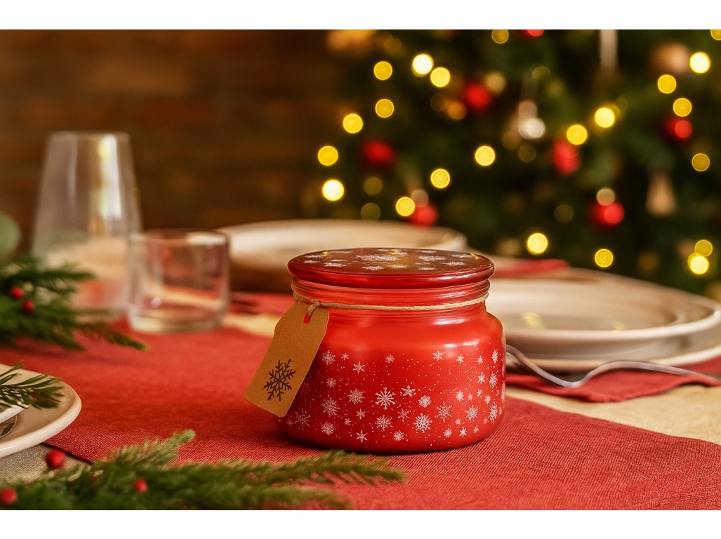 Červeno-biela vonná sviečka Emocio Magic Snowing v skle so skleneným viečkom prevonia domov jemnou zimnou vôňou a vnesie do interiéru teplú a sviatočnú atmosféru.
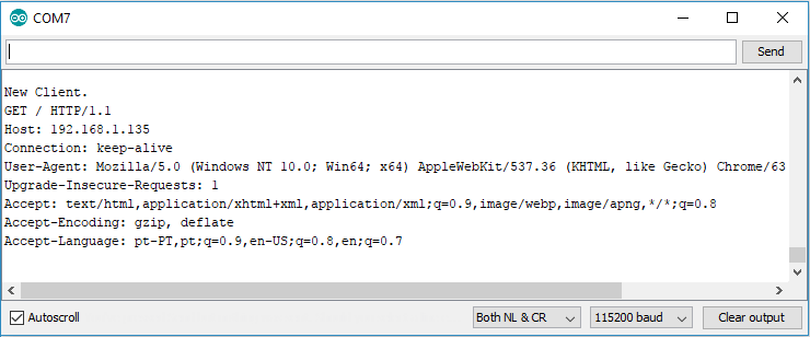직렬 모니터를 살펴보면 백그라운드에서 무슨 일이 일어나고 있는지 볼 수 있습니다. ESP는 새 클라이언트(이 경우 브라우저)로부터 HTTP 요청을 받습니다.
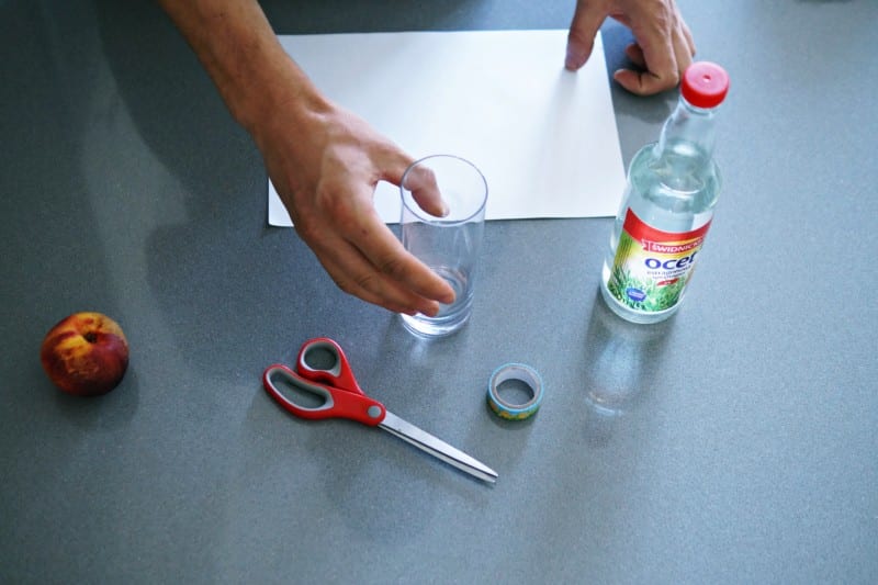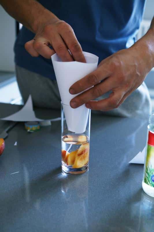 Kolejny krok to przygotowanie lejka z papieru. Zwińcie kartkę tak, aby po jednej stronie powstał Wam stożek. Obetnijcie końcówkę i dopasujcie lejek szerokością do wymiarów szklanki. Kartka nie powinna dotykać mikstury. Następnie kartkę sklejcie wzdłuż taśmą, aby zachować kształt lejka. Sprawdźcie czy wszystko wyszło tak jak trzeba, lejek powinien opierać się na szklance. I najważniejsza sprawa!!! Teraz musicie obkleić dookoła szklankę razem z lejkiem. Inaczej muszki będą uciekać!!!!!.
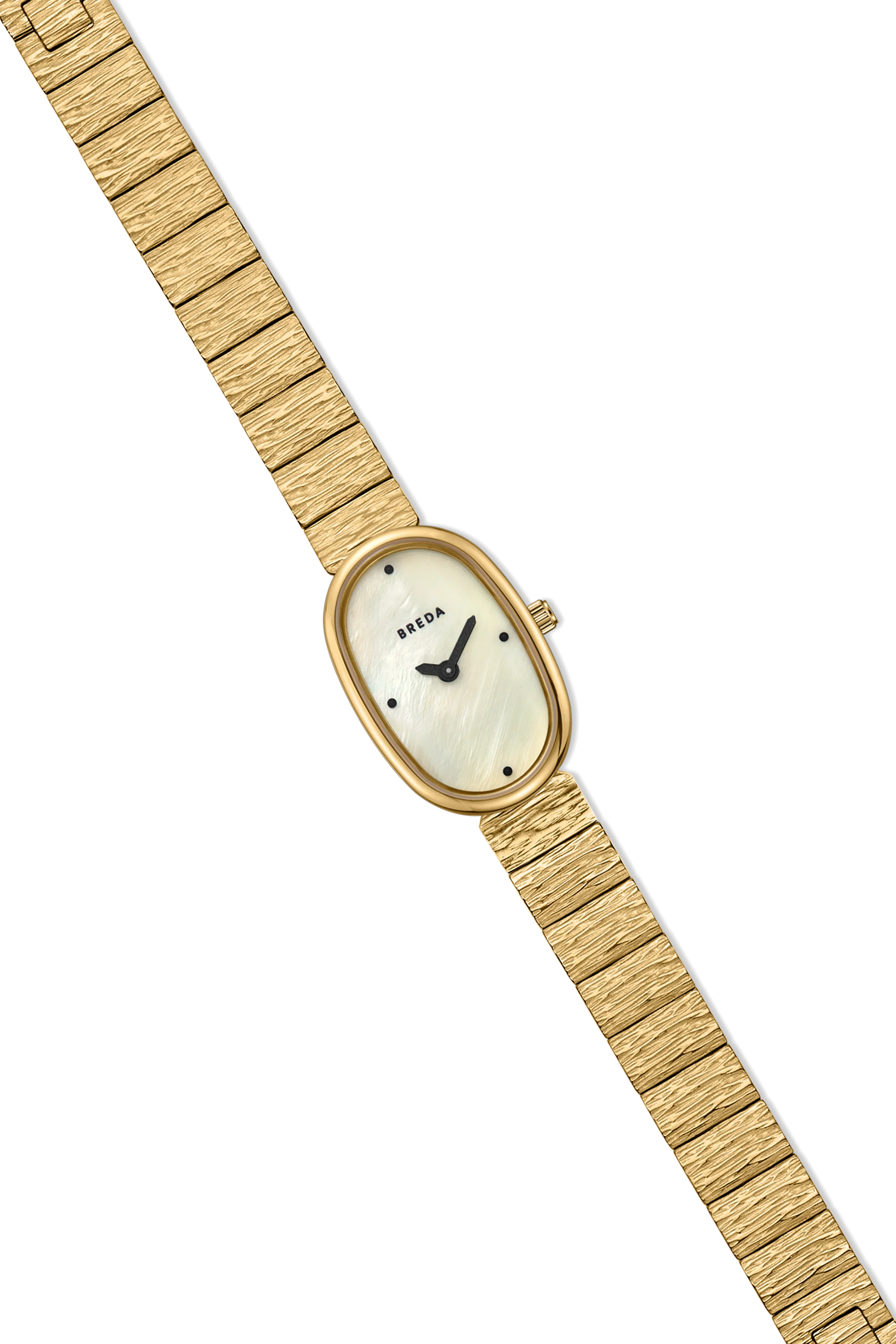 The Revival collection serves as a powerful reminder of our inherent ability to shape-shift, to reinvent ourselves, and to pivot towards higher purpose guided by instinct. The Jane (Revival) carries a delicate oval 18mm case, champagne colored mother of pearl dial and an intricately textured bracelet etched in a deep, 18K gold plating that fastens with a jewelry clasp.
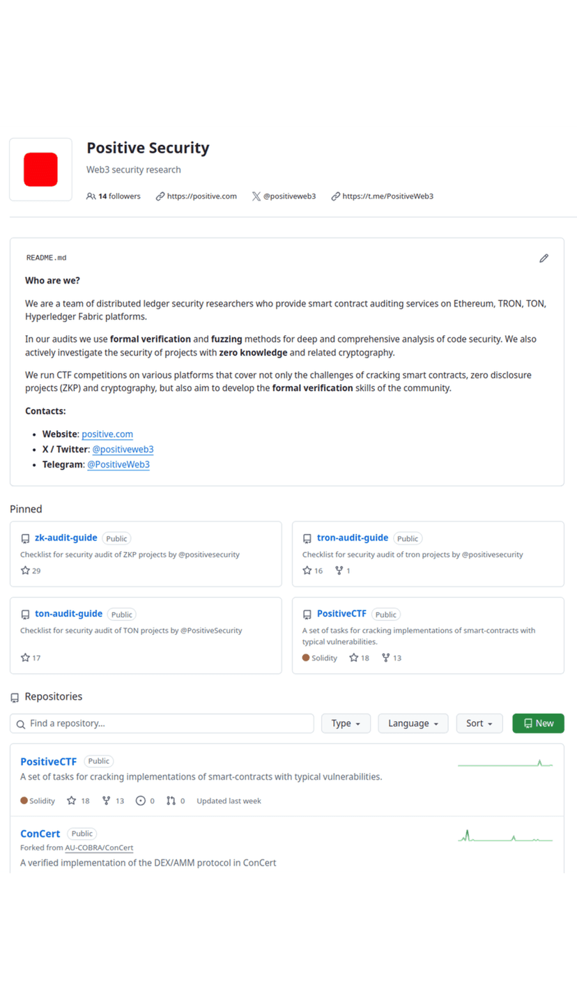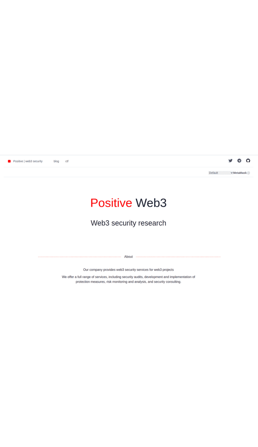 PositiveWeb3 — решение для аудита и обеспечения безопасности проектов в экосистеме Web3. Обеспечивает быстрый доступ к инструментам оценки рисков, анализу уязвимостей и консультациям по защите смарт‑контрактов и блокчейн‑приложений прямо в мессенджере.
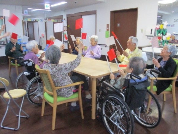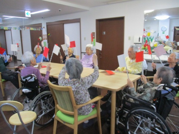 ご入居者様も大きな声を出して
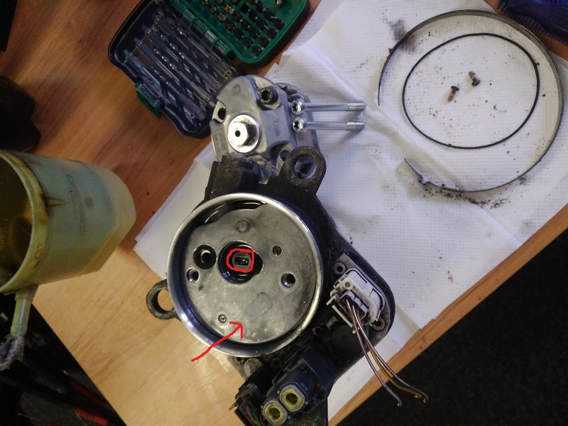 Je třeba větší síla je to dost dotažené. 5. Nyní sundáme ze středu unašeč (spojuje čerpadlo a rotor) a krycí plech ve kterém je černé plastové těsnění (kroužek) tak ten neztratit
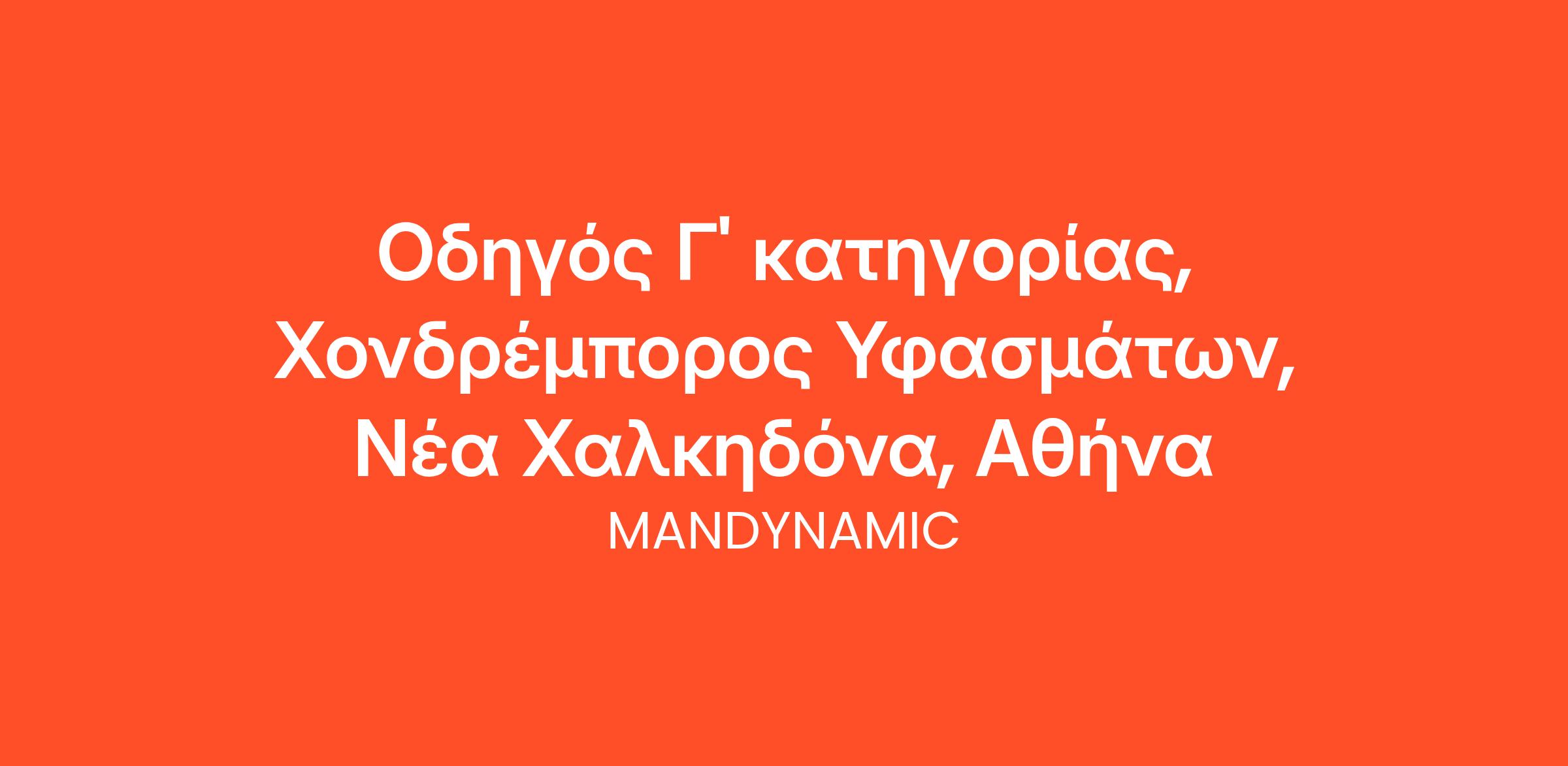 Η MANDYNAMIC αναζητά Οδηγούς Γ' κατηγορίας εκ μέρους Χονδρέμπορου Υφασμάτων στη Νέα Χαλκηδόνα, Αθήνα.
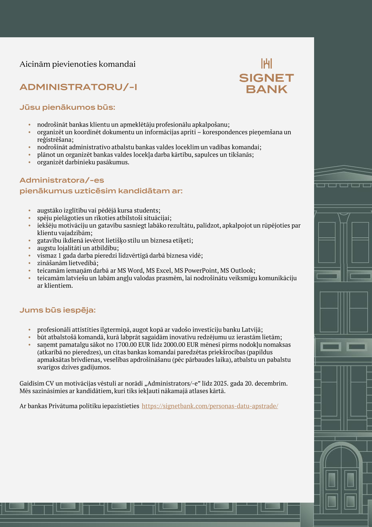 Signet Bank ir dibināta 1991. gadā un ir viena no pirmajām neatkarīgas Latvijas bankām. Signet Bank ir Latvijas vadošā investīciju banka, kas vietējiem uzņēmējiem un uzņēmumiem piedāvā ilgtspējīgus finansēšanas un investīciju risinājumus. Kopš 2021. gada Signet Bank jau vairāk nekā 40 Latvijas uzņēmumiem ar obligāciju un akciju emisijām piesaistījusi papildu finansējumu 450 milj. eiro apmērā. Signet Bank ir vadošais korporatīvo obligāciju organizators Latvijā un vadošais biržas brokeris Baltijā 2023. gadā saskaņā ar Nasdaq Biržas datiem.Signet Bank komandu veido ap 150 nozares profesionāļiem.
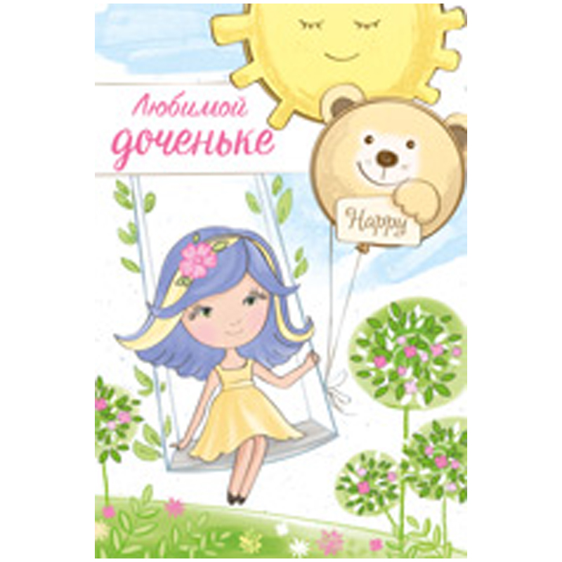 Открытка Империя поздравлений "Любимой доченьке", 98*204мм, выб. лак, блестки

### Exercise prompt
The records above must be printed exactly, but the pictures they hold should be omitted.

### Solution to this exercise
 Červeno-biela vonná sviečka Emocio Magic Snowing v skle so skleneným viečkom prevonia domov jemnou zimnou vôňou a vnesie do interiéru teplú a sviatočnú atmosféru.
직렬 모니터를 살펴보면 백그라운드에서 무슨 일이 일어나고 있는지 볼 수 있습니다. ESP는 새 클라이언트(이 경우 브라우저)로부터 HTTP 요청을 받습니다.
 Kolejny krok to przygotowanie lejka z papieru. Zwińcie kartkę tak, aby po jednej stronie powstał Wam stożek. Obetnijcie końcówkę i dopasujcie lejek szerokością do wymiarów szklanki. Kartka nie powinna dotykać mikstury. Następnie kartkę sklejcie wzdłuż taśmą, aby zachować kształt lejka. Sprawdźcie czy wszystko wyszło tak jak trzeba, lejek powinien opierać się na szklance. I najważniejsza sprawa!!! Teraz musicie obkleić dookoła szklankę razem z lejkiem. Inaczej muszki będą uciekać!!!!!.
 The Revival collection serves as a powerful reminder of our inherent ability to shape-shift, to reinvent ourselves, and to pivot towards higher purpose guided by instinct. The Jane (Revival) carries a delicate oval 18mm case, champagne colored mother of pearl dial and an intricately textured bracelet etched in a deep, 18K gold plating that fastens with a jewelry clasp.
 PositiveWeb3 — решение для аудита и обеспечения безопасности проектов в экосистеме Web3. Обеспечивает быстрый доступ к инструментам оценки рисков, анализу уязвимостей и консультациям по защите смарт‑контрактов и блокчейн‑приложений прямо в мессенджере.
 ご入居者様も大きな声を出して
 Je třeba větší síla je to dost dotažené. 5. Nyní sundáme ze středu unašeč (spojuje čerpadlo a rotor) a krycí plech ve kterém je černé plastové těsnění (kroužek) tak ten neztratit
 Η MANDYNAMIC αναζητά Οδηγούς Γ' κατηγορίας εκ μέρους Χονδρέμπορου Υφασμάτων στη Νέα Χαλκηδόνα, Αθήνα.
 Signet Bank ir dibināta 1991. gadā un ir viena no pirmajām neatkarīgas Latvijas bankām. Signet Bank ir Latvijas vadošā investīciju banka, kas vietējiem uzņēmējiem un uzņēmumiem piedāvā ilgtspējīgus finansēšanas un investīciju risinājumus. Kopš 2021. gada Signet Bank jau vairāk nekā 40 Latvijas uzņēmumiem ar obligāciju un akciju emisijām piesaistījusi papildu finansējumu 450 milj. eiro apmērā. Signet Bank ir vadošais korporatīvo obligāciju organizators Latvijā un vadošais biržas brokeris Baltijā 2023. gadā saskaņā ar Nasdaq Biržas datiem.Signet Bank komandu veido ap 150 nozares profesionāļiem.
 Открытка Империя поздравлений "Любимой доченьке", 98*204мм, выб. лак, блестки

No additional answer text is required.